:: Exercise ::
Leave the pictures out. Retype exactly the lines below from the one containing "This set includes" through the one containing "Oversize Waist-Cinched Tailored", and no others.

:: Data for analysis ::

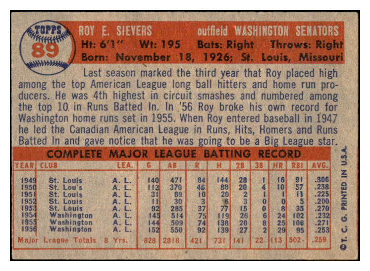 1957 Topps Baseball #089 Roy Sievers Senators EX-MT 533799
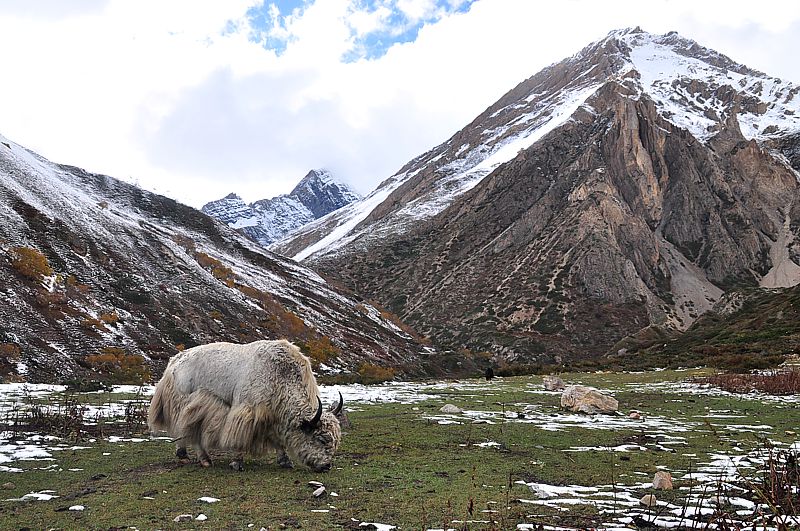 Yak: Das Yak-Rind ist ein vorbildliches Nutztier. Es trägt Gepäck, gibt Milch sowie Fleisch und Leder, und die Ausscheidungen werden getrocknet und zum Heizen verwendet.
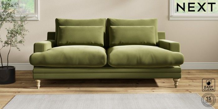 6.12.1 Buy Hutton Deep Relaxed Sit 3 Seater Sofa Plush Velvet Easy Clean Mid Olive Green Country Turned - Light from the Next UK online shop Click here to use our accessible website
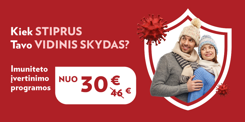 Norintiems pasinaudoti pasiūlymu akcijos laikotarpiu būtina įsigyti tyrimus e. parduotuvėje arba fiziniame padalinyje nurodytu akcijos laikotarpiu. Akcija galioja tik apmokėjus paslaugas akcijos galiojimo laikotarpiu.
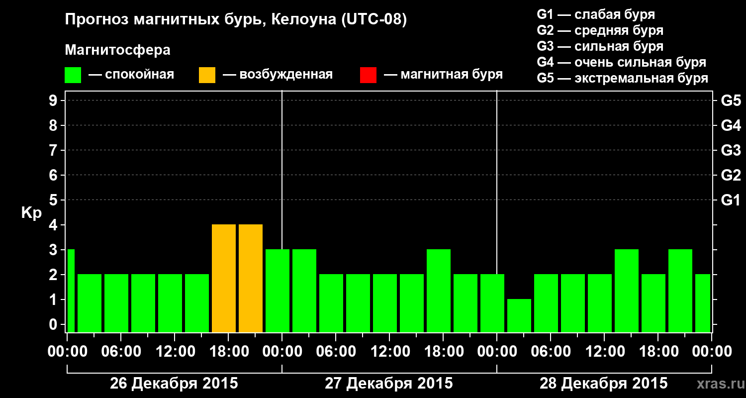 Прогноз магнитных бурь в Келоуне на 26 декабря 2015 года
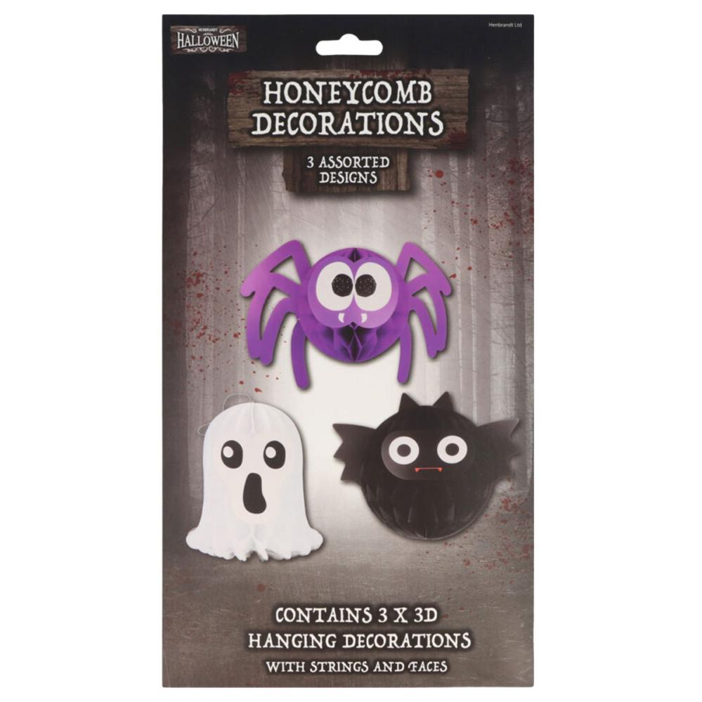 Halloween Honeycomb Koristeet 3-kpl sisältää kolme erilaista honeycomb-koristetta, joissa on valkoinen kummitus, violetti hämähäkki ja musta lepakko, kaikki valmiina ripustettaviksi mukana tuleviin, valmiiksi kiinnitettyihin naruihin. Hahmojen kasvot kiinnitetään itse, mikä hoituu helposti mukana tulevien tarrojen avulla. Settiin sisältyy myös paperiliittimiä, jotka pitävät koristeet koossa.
* * *
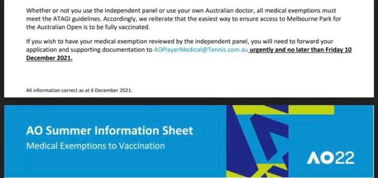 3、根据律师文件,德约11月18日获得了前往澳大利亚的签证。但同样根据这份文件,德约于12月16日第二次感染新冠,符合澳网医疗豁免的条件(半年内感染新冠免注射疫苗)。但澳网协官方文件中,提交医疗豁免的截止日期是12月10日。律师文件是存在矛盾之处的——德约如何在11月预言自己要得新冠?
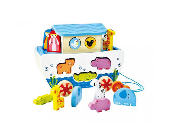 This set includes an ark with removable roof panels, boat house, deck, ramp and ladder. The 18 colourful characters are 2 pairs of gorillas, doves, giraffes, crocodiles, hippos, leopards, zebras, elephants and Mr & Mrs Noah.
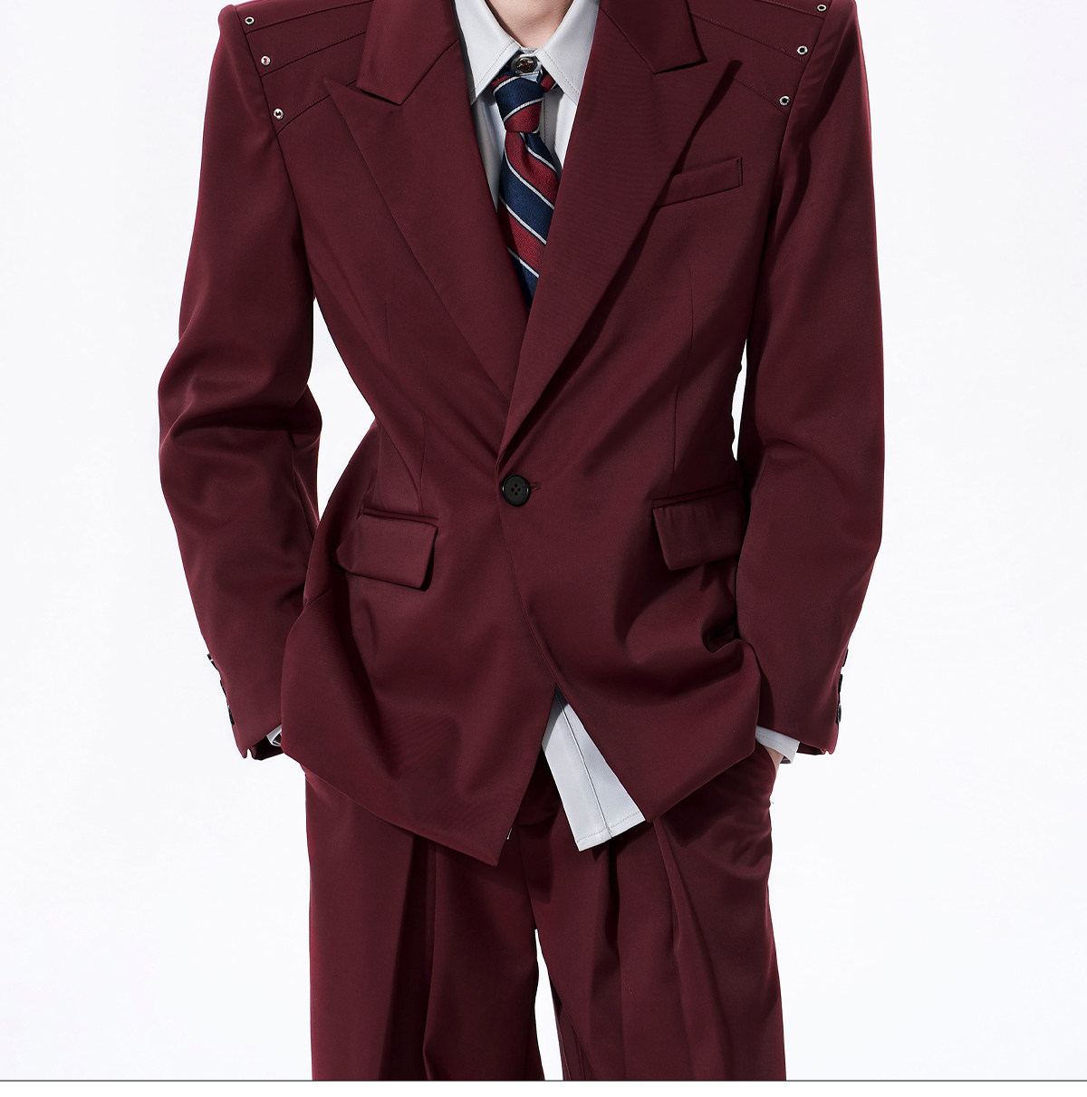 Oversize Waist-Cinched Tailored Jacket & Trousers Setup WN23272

:: Solution for this task ::
 This set includes an ark with removable roof panels, boat house, deck, ramp and ladder. The 18 colourful characters are 2 pairs of gorillas, doves, giraffes, crocodiles, hippos, leopards, zebras, elephants and Mr & Mrs Noah.
 Oversize Waist-Cinched Tailored Jacket & Trousers Setup WN23272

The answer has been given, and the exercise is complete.